Nos analyses oscilleront entre ces deux extrêmes, en fonction des aspects du fait religieux que nous
voulons mettre en évidence.
On définit aussi l’homme, entre autres, avec Armand de Quatrefages (anthropologue français 1810 -
1892) comme un « animal religieux » puisque « partout où il y a des hommes, il y a aussi un Dieu ou
des dieux » : la religion est un phénomène universel.
On ne peut pas penser l’homme à l’état de nature ; on doit d’emblée le penser comme un être de
culture. D’ailleurs chez des philosophes comme Thomas Hobbes au XVIIème s. et Jean-Jacques
Rousseau au XVIIIème s., l’état de nature et l’homme à l’état de nature sont de simples hypothèses.

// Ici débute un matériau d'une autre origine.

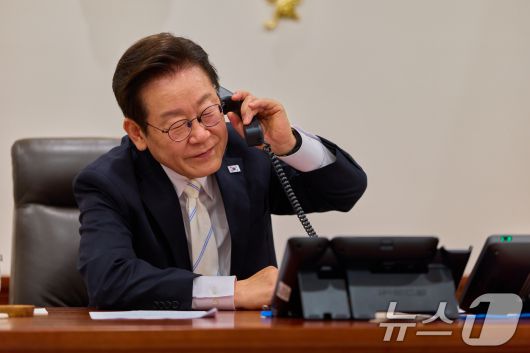 (서울=뉴스1) 허경 기자 = 이재명 대통령이 11일 서울 용산 대통령실 청사 집무실에서 도날드 투스크(Donald Tusk) 폴란드 총리와 전화 통화하고 있다. (대통령실 제공. 재판매 및 DB 금지) 2025.9.11/뉴스1

Cela signifie que le problème de l’origine de l’homme reste un mystère ; on ne peut pas penser
l’homme en dehors de la culture. Autrement dit, penser l’homme c’est le penser d’emblée comme être
social, politique, ayant un langage donc une pensée, possédant une technique, et ayant une forme de
religiosité même primitive. Le désir, et le désir religieux en particulier, est donc constitutif de la
conscience.
Remarque : La société, le langage, la technique, l’art, le désir, la religion, etc. étant des
activités conscientes sont exclusivement humaines puisque la conscience est une prérogative
exclusivement humaine. On réserve pour l’animal les notions de communauté, de
communication, de production, de besoin, etc. et toutes relèvent de l’instinct, c’est-à-dire
de la nature. On doit bien distinguer, ici, ce qui relève de la nature et ce qui relève de la
culture : la conscience est la frontière entre la nature et la culture, c’est le Rubicon que
l’animal ne franchit pas.
Définition : la valeur est une qualité présentée comme objective qui constitue un idéal à
atteindre et qui, par sa dignité, mérite d’être défendue. Exemples : la Vérité, la Justice,
la Paix sont des valeurs.
Pour le philosophe, la culture est, d’une part, le résultat du travail de l’homme en tant qu’être
conscient et, d’autre part, la prise de conscience de la valeur puisque toutes les productions
humaines n’ont pas la même valeur, la même dignité.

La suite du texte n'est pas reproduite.